The movie begins with mourners around a grave while an airliner passes overhead, and it never fully improves on that civic arrangement. The sky is not atmosphere here. It is a second mourner with a schedule, crossing above grief because Burbank also has claims on the afternoon.

Cemetery Airspace

The passing plane makes the cemetery feel less like a sacred place than a transit-adjacent waiting room where sorrow is asked to keep one ear open for boarding announcements. This is a bold choice. It implies that death may be permanent, but local flight paths are more permanent.

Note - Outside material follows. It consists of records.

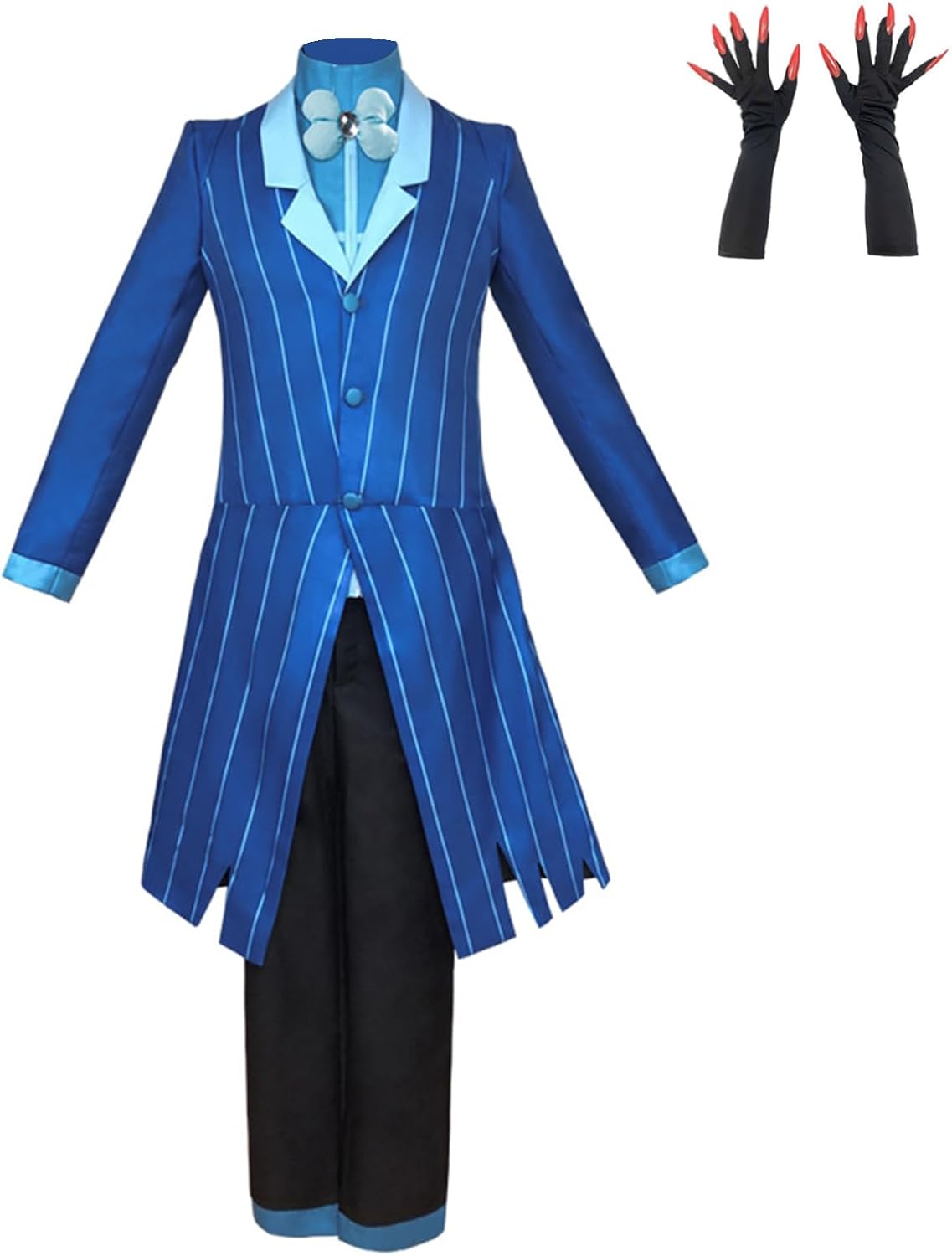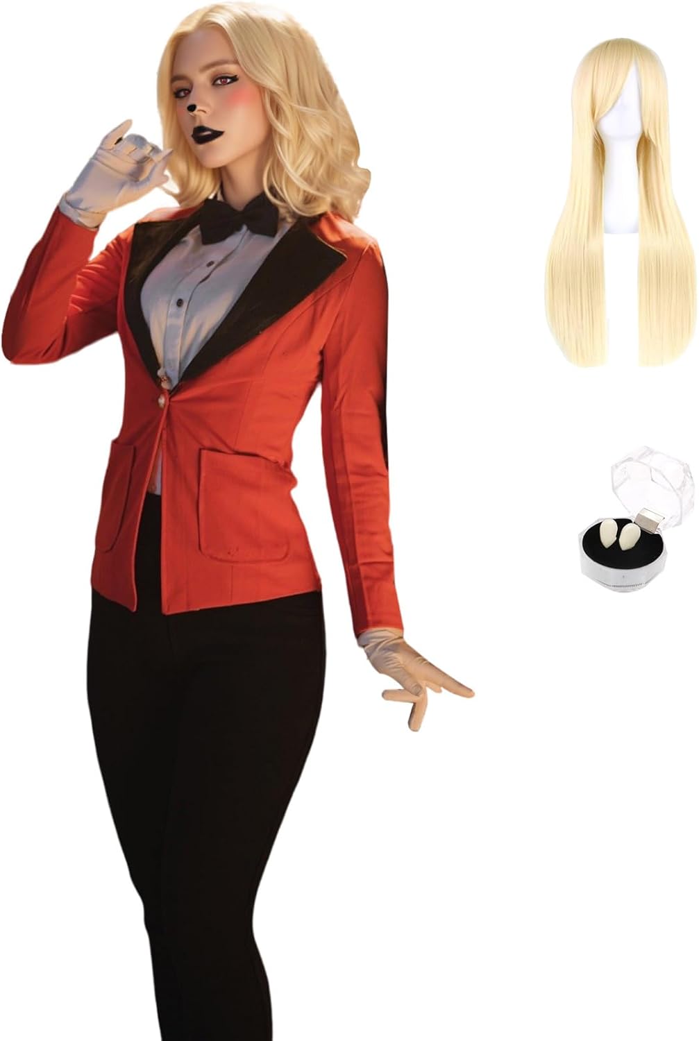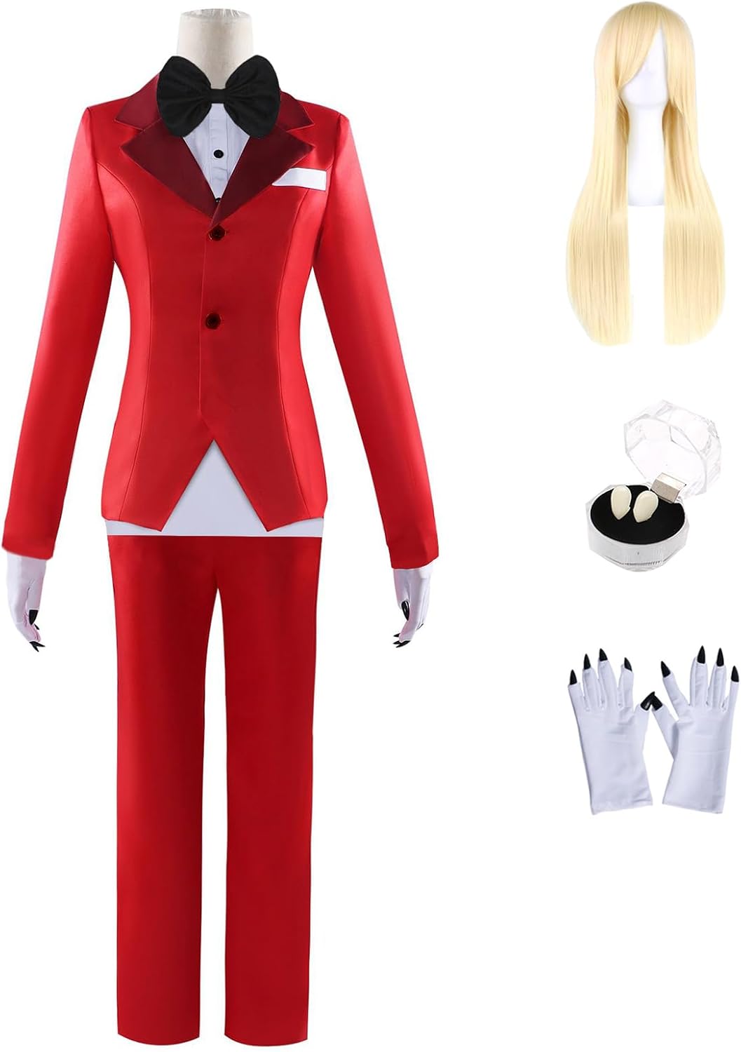 Halloween Women Men Fashion Anime Red Striped Suit Uniform Jacket Punk Costume Charlie Radio Demon Cosplay Outfit Full Set NOTICE Recommended hand wash, hang dry, do not bleach. Use these methods to preserve this costume in good condition.
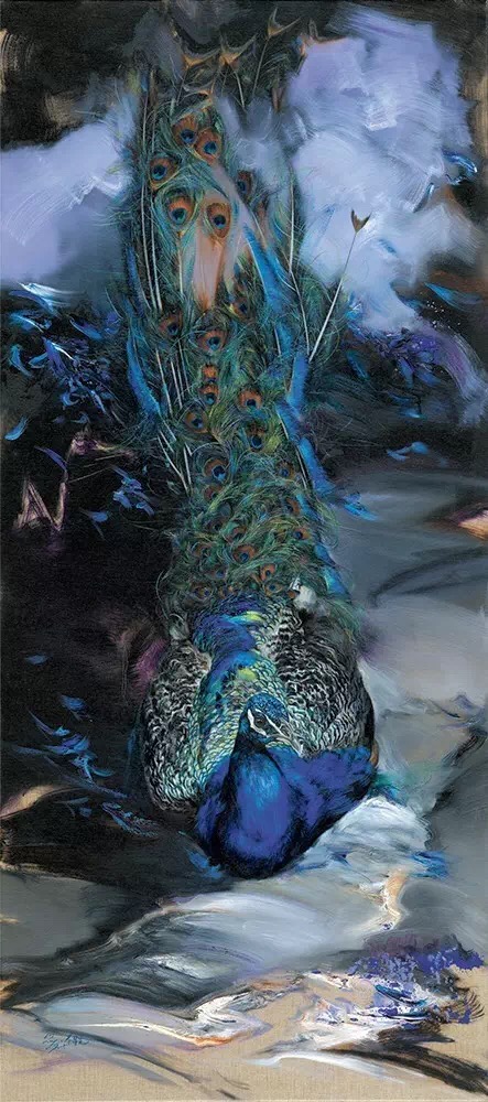 劉盡航   孔雀-2  布面油畫  80x180cm
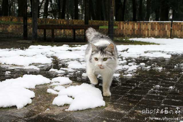 こちらもまだ雪が残っているうちにと、猫の森。

The saucers later arrive as intruders, but the airliner got there first with paperwork. It has already taught the scene how to be interrupted from above.

Vertical Jurisdiction

Viewed correctly, the film is about vertical jurisdiction. The living occupy the ground, the dead occupy the ground more decisively, commercial traffic occupies the air, and aliens enter only after noticing that everyone else is using the cemetery without checking in.

The film's human characters spend much of their time responding to invasion, but their real failure is zoning. No one has determined whether a funeral can proceed under active sky usage.

Verdict

Plan 9 from Outer Space deserves credit for understanding that horror begins when grief looks up and sees infrastructure continuing without sympathy. The monsters are memorable, but the plane is the critic's choice: loud, punctual, and completely unwilling to circle until the family is ready.